After his defeat he maintained his two neighborhood offices so the people of East Harlem could still visit him to gain help with their problems. Marcantonio remained one of the strongest opponents of Joe McCarthy and the Un-American Activities Committee (HUAC) and was legal counsel of civil rights activist, William Du Bois.

Marcantonio was also opposed to the Korean War: "Tragically, after 27 months of killing in Korea, with 119,000 American casualties, some of us accept the Korean conflict as we do the flowing of the Hudson River. After 14 months of talk at Panmunjom some have come to feel that this so-called police action or little war is something with which we can live. They have forgotten that war in our time is like cancer if it is not stopped it spreads. If this Korean war is not stopped now, it too will spread... The resolving of every other issue, civil rights, labor, civil liberties, agriculture, the economic well-being of the American people, depends on cease fire in Korea."

In 1952 Presidential Election Marcantonio supported Vincent Hallinan, the leader of the Progressive Party. "A vote for the Progressive Party in 1952... is a vote as valuable as that cast for the Liberty Party in 1840 against slavery, and for the Free Soil Party in 1848 and 1852 against extension of slavery.
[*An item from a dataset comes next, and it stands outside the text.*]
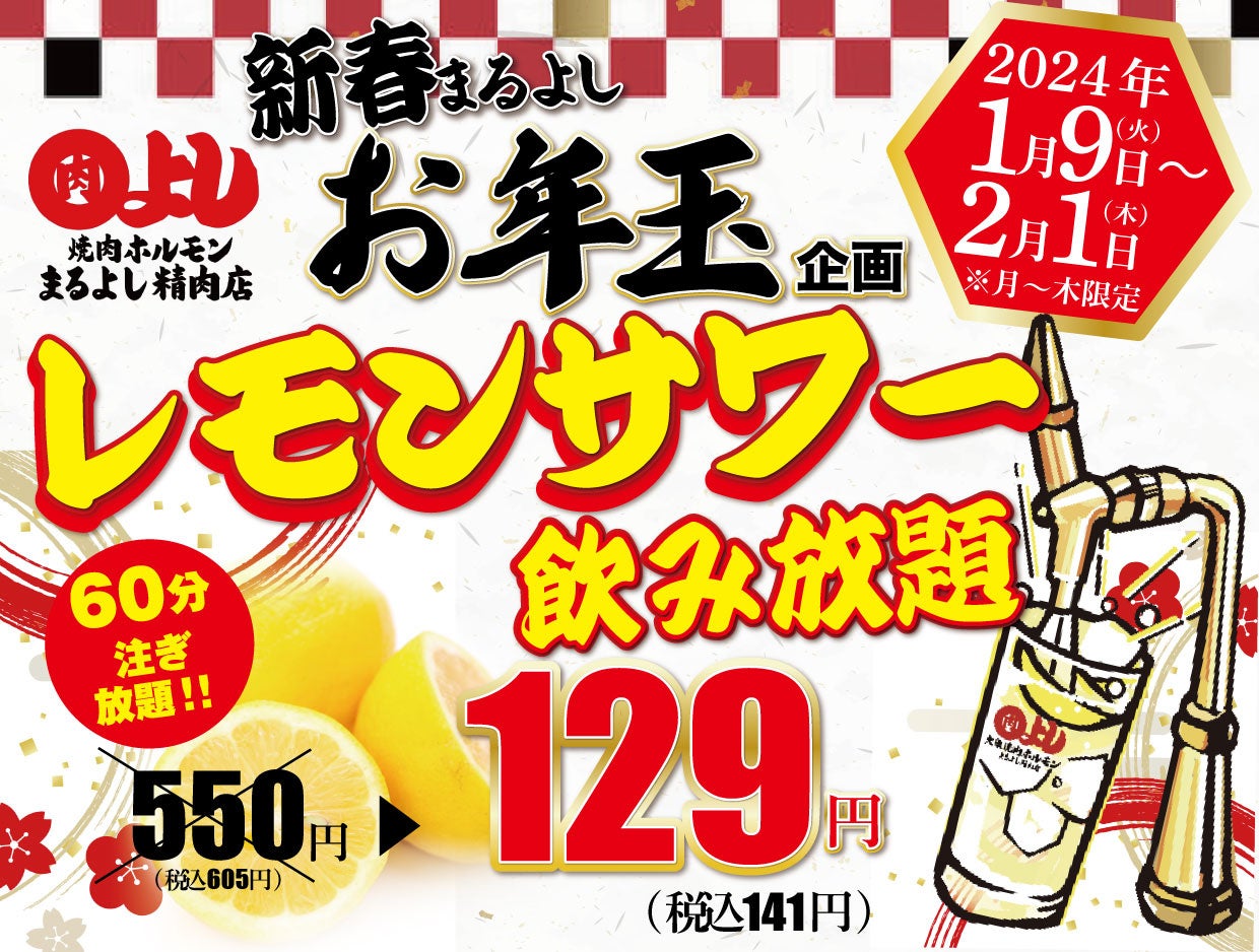 新春まるよしお年玉企画開催!レモンサワー飲み放題が60分129円(税込141円)!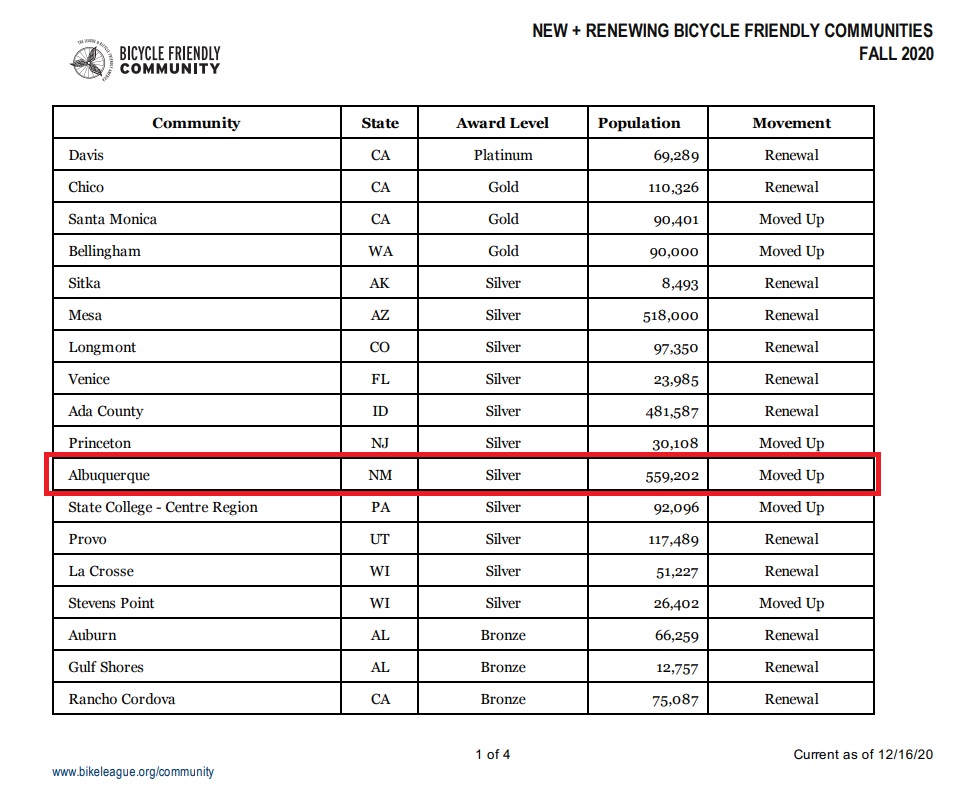 Just taking the above questions from the rubric, one could successfully argue that the new 20 mph Downtown Safety Zone is a good example of improved bike-friendly laws. And perhaps that argument, and others, were successfully made. We don’t know because ABQ’s application and League grading responses have yet to appear on its website.

It is a vote similar to the one that made up the one million votes for Eugene V. Debs in 1920, which in turn led to the four million votes for LaFollette in 1924 and for victory for Roosevelt in 1932. Great causes were never won by sacrificing a real fight and substituting for it the seeming lesser evil."

In 1953 Marcantonio decided to resign from the American Labor Party and to campaign for his old seat as an independent: "I shall continue to strive as an independent for the things for which I have striven so hard. I shall continue to do so as an independent endeavoring for the political realignment which is inevitable. It is as inevitable as the failure of the Republican and Democrat foreign policy and the economy that is based upon it."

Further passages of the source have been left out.